Fernanda Trías  Escrever também é artesanato

 © Juan Camilo Roa, 2018

A escritora uruguaia Fernanda Trías dialoga, a partir de seu própio trabalho, com as ideias de Walter Gropius sobre arte, arquitetura e o trabalho dos artesãos.

Arquitetos, escultores, pintores, todos devemos retornar ao artesanato!

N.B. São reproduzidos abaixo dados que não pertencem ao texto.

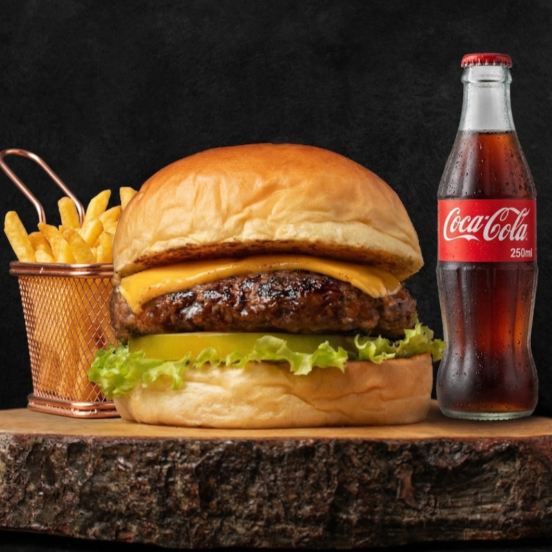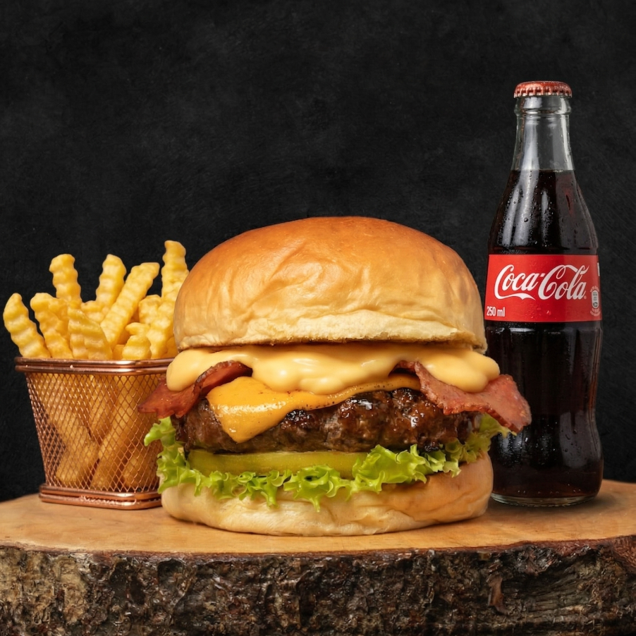Burger con carne de 100 gr con tocineta, garden chesse, queso cheddar, cebollitas caramelizadas, pan brioche y vegetales, 100g de papas francesas y gaseosa 250ml.

Houve um tempo em que eu sentia vergonha alheia cada vez que ouvia um escritor se referir a seus livros como “minha literatura”. “Na minha literatura, exploro o conceito de orfandade”, poderia dizer o escritor em questão, mas eu o ouvia assim: “Na Minha Literatura”. Soava como se a literatura fosse algo que pudesse ser adquirido: havia os que tinham literatura e o que não a tinham, da mesma forma que algumas pessoas poderiam dizer: “meu Rolls-Royce”. Eu, por outro lado, dizia “minha escritura” e sempre abaixava a voz ao pronunciar essas palavras. Meus dentes também rangiam quando ouvia algum outro escritor dizer “meu trabalho”. Eu, por outro lado, dizia “meu ofício”. Quão complicadas eram as palavras e quanto poderíamos dizer de nós mesmos com a escolha de cada uma delas. Naquela época, eu já começava a entender que não havia palavras inofensivas. Dizer “meu trabalho” parecia falar dessa profissionalização da arte que Walter Gropius critica em seu Manifesto. Eu ia a uma oficina de escritura e ali estava aprendendo algumas coisas, mas não como se aprenderia na universidade e sim como esse “jovem que sente amor pela atividade artística” e começa “como outrora aprendendo um ofício”. Isso me fez refletir: por que eu falava daquela forma? Talvez me faltasse segurança interior. Talvez rebaixasse minha própria escritura mediante a escolha dessas palavras. Mas sendo assim, isso não significava que estava considerando o “ofício” como algo menor, uma travessura infantil ao lado dessa coisa séria e respeitável que era o “trabalho”? E a “literatura” como algo elevado, digno de reverência, superior ao simples ato de escrever? Outra vez senti vergonha, desta vez por meus próprios juízos de valor. Que bom teria sido encontrar uma palavra neutra, uma que não viesse unida a todos esses conceitos da arte como algo sublime e do ofício de escrever como algo modesto, mínimo, algo que as mulheres realizam em suas casas, como bordar, como cozinhar uma boa almôndega.

Na minha imaginação, era como se esses escritores tivessem o poder da alquimia, como se as palavras que passavam por eles se transformassem em algo valioso, digno de ser dito. Pelo contrário, minha própria experiência com a escritura estava muito distante desse sentimento. Eu não produzia milagres, como um rei Midas das palavras, nada brotava de mim. Em todo caso, fazia com elas construções como se fossem blocos de lego, trabalhosamente, lentamente, como se montasse um colar de contas muito longo. O que eu fazia era uma forma de arquitetura, talvez de alvenaria, isso que Gropius chamou de “um mundo de gente que constrói”.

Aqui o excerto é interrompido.